# DMOC645 Hardware Problem



## ACEVS4US (Jul 21, 2011)

I may be one of the unlucky first to have a hardware problem with the DMOC645. 

August last year I purchased a DMOC645 and Siemens motor combo. I loaded the firmware etc and spun the motor without too many issues. I then put the controller aside and began work on installing the motor into the car. Last week I connected the motor and controller up again hoping to test out the transmission and get some wheels spinning. Of course this is where the problems began.

I connected everything up as before, all the proper connections are there because I'm using the same ampseal wiring harness as I used before (I also checked continuity from my arduino to the controller, all was good). At this point I naturally assumed I had a problem with my Arduino hardware not sending out CAN packets, but no, that checked out as well. So I then tried RS232 communication, but that also didn't work. Now things were becoming concerning! I then try to reflash the firmware with the Kvaser, but when I do this the azure software says "turn ignition on" which basically means CAN comms are down. So basically, no communications at all. I really haven't done anything to cause a working controller to become a non-working controller.

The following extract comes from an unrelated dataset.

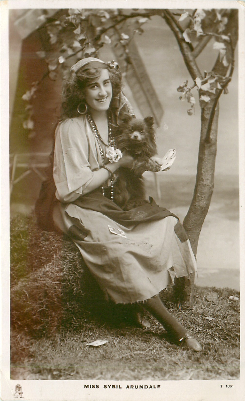 MISS SYBIL ARUNDALE as gypsy, sitting holding playing cards, with chihuahua under her arm
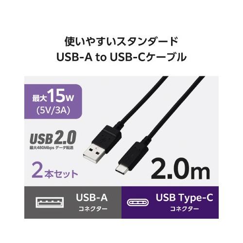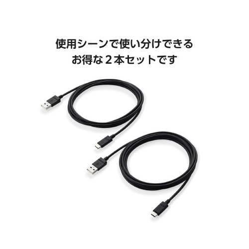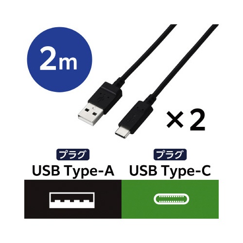 タイプCケーブル AtoC 2m 2本セット 黒

I have opened up the controller to check the ribbon cables are properly seated, especially the one that carries the comms from the ampseal connector to the processor board. I also checked the ribbon for continuity (but not yet for adjacent pin shorts). I have attached a picture of the status LEDs. Two of the bicolour LEDs are shinning red, they are "PWM Enabled" and "Defined". Pretty sure PWM enable related to the drive enable status of the controller, so that should be red until I enable the drive. The "Defined" LED starts off green at power up and then goes red after a couple of seconds. Can anyone come up with some suggestions to help with this (I'll try anything)? I wouldn't rule out even the most obvious things? I'd also be interested in knowing which LED's light up when no firmware is programed onto the DSP. That would at least tell me the DSP is doing something?


----------



## CKidder (Dec 12, 2009)

Fun times! I don't have a DMOC645 handy on the bench right now so I can't look inside a working unit. However, that's an awful lot of lights lit up so I'm going to have to assume that the power works and the device at least is trying to start up. I've programmed quite a few of these DMOCs and they work fine on the bench with just power and canbus so the issue shouldn't be a lack of connections. If you have an oscilloscope you might try looking at the CANH/L signals to see what is going on and how the waveforms look. They should be pretty sharp and have a sensible looking bit time. With a multimeter you could read the voltage from H to L and see if there is one. Resting there should be 0V between those two. Unfortunately that same result would happen if the CAN lines were dead. But, if anything is transmitting then your meter should show some voltage as it'll be seeing a voltage during some of the samples. Make sure that your terminating resistors are intact - remember each end of canbus should have a 120ohm resistor. The DMOC does not include canbus termination. The proper nominal bus resistance is 60 ohms. 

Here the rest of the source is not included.